The arguments against intervention do not add up. There is already so much western involvement in the country; in trade, oil exploration and commerce for instance, that the idea of not wanting to get involved, is untenable. There is also the very real possibility that the country becomes a failed state and a breeding ground for terrorists. The shadow of western involvement in Iraq and Afghanistan does cast a shadow over any potential intervention. Yet involvement does not need to mean full scale invasion of the country, modern technology means support can be supplied in more sophisticated ways. There is an opportunity here for the west to put humanity and the democratic principles it supposedly stands for before oil and trade. It is one it needs to take to be a true global leader.

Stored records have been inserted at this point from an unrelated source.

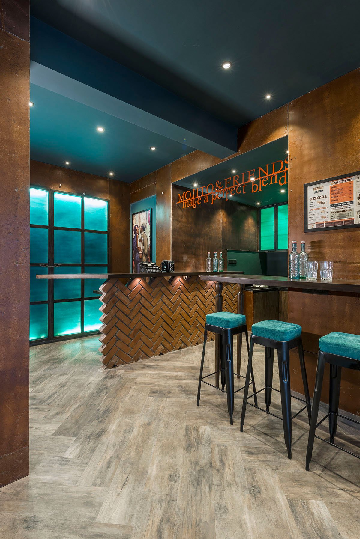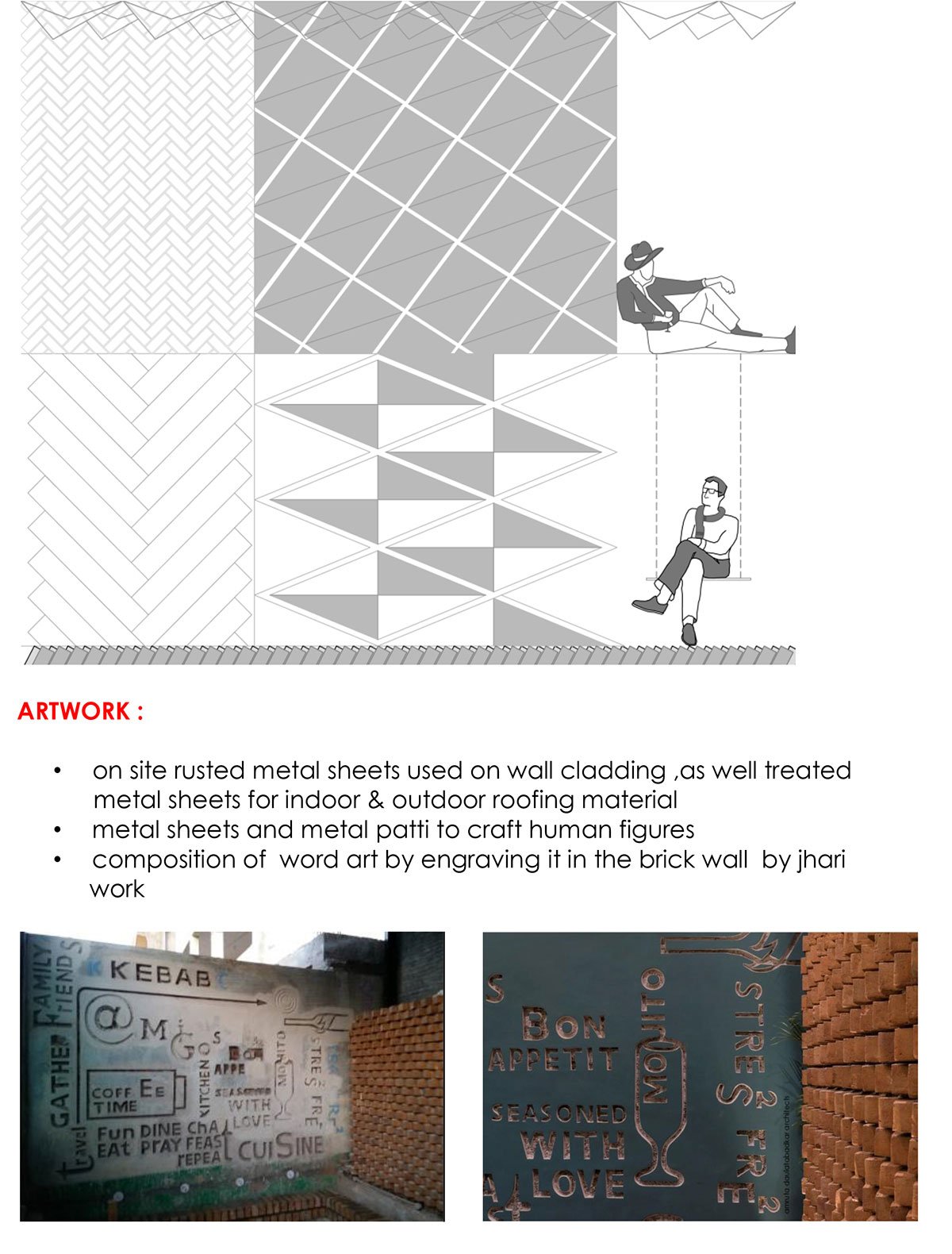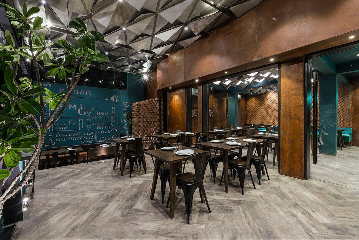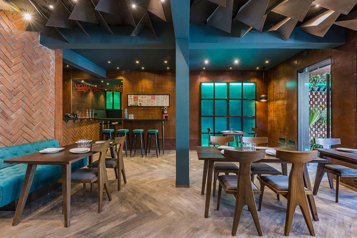 A diagonal grid concept was used to erase monotony and create a dynamic effect. The diagonal design added new forms to flooring, ceiling, and brickwork maintained even in the creation of table legs. The brickwork with dynamic twist led to tilted bonds in elevation and even planned. This gifted the space with varied textures in the same material.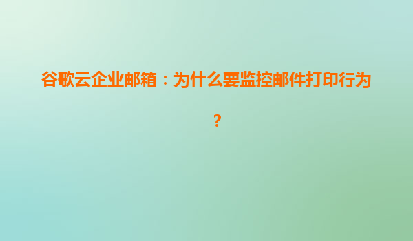 2025-04-20谷歌云企业邮箱:为什么要监控邮件打印行为? 一、邮件打印行为监控的必要性 在数字化办公场景中,邮件仍是企业信息传递的核心工具。尽管电子化流程普及,打印行为仍可能成为数据泄露的潜在风险点: ...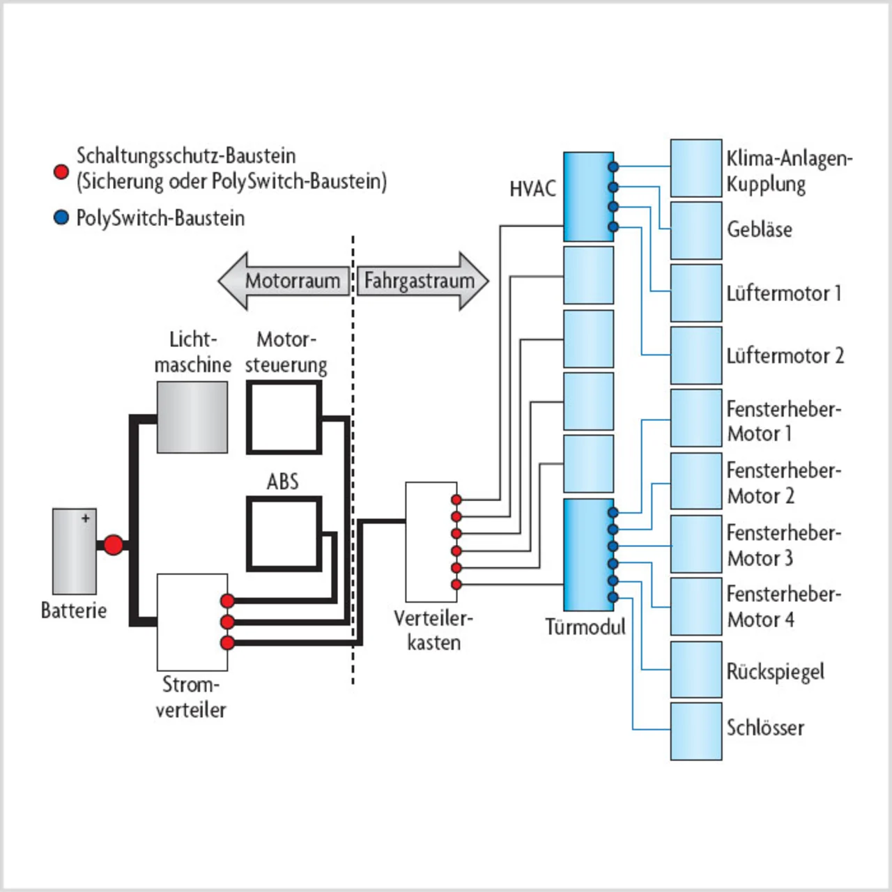Zum Schutz des Kabelbaums kann man Sicherungen einsetzen. Da es sich dabei aber um Einweg-Bauteile handelt, muss man sie ersetzen, sobald sie durchgebrannt sind. Daher muss man sie in gut zugänglichen Sicherungskästen montieren. Dies setzt eine bestimmte Systemarchitektur voraus und erzwingt somit Kompromisse bei Struktur und Systemaufbau. Dem gegenüber sind PPTC-Bausteine rücksetzbar und erfordern keinen Zugriff durch den Fahrer.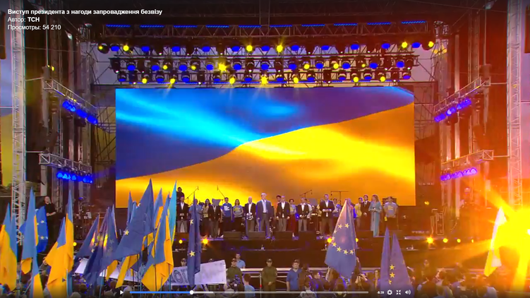 Сегодня, 10 июня, президент Украины Петр Порошенко открыл концерт в честь безвиза с ЕС, который проходит на Европейской площади в центре Киева. К собравшемуся на праздник народу он обратился словами Лермонтова.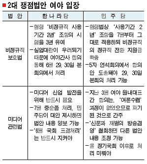 여야가 ‘3차 입법 대치’를 앞두고 최대 쟁점인 비정규직보호법과 방송법·신문법 등 미디어 관련법을 분리 처리하는 쪽으로 가닥을 잡았다.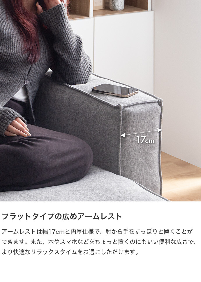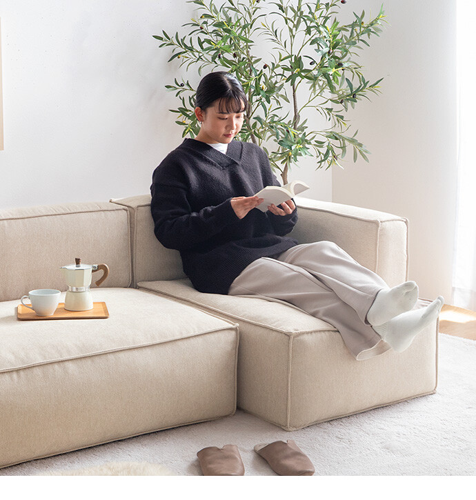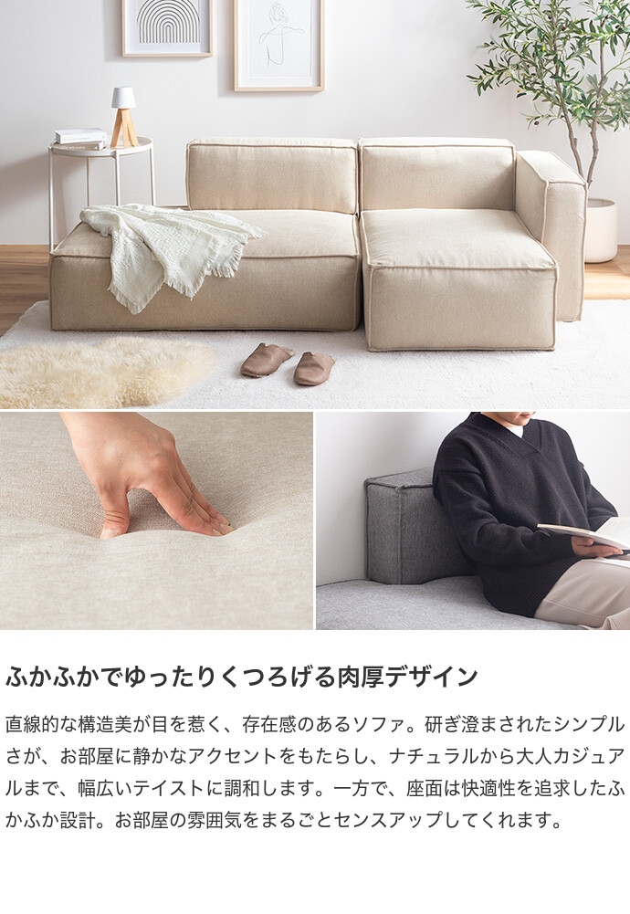 足を伸ばしてゆったりくつろげるローソファー。直線的な構造美が目を惹く、存在感抜群のソファです。研ぎ澄まされたシンプルさが、お部屋に静かなアクセントをもたらし、ナチュラルから大人カジュアルまで、幅広いテイストに調和します。さらに、広々座面とふかふかな座り心地で、のびのびとした快適さを実現。また、座面高を低く抑えた低重心設計で、お部屋を落ち着いた大人の空間に導きます。セットでのご利用はもちろん、単品での使い方もお楽しみいただけます。

Across Africa there is a need for democratic leaders to also be a voice calling for a concerted end to Gaddafi’s despotic regime. As the continent’s largest economy, and arguably democracy, South Africa has the opportunity to lead Africa in the call for greater democracy in the continent, from Libya to Ivory Coast and next door Zimbabwe. South Africa’s strength is growing, so too should its influence. It can and should represent a new direction for the African Union and the presentation of Africa to the world; as a progressive democratic continent that rejects despots and dictators.
Elsewhere in this edition and in the continent Britain has been lees restrained over its involvement. The Department of International Development (DfID) has expanded its aid programmes to five African countries. The increase in funds to these countries comes after a review of International aid. The review will also see aid to six African nations slashed as the department shifts its focus to try and help out those who are most in need. It is an attempt to get greater results without altering the amount of money spent.
March also saw celebrations of International Woman’s Day. We acknowledge the day with a look at the persistence of gender inequality in agriculture. We examine how discrimination that denies women who work in agriculture the same access to resources as their male counterparts is detrimental to womanhood, the family, and productivity of the land as well as being reprehensible.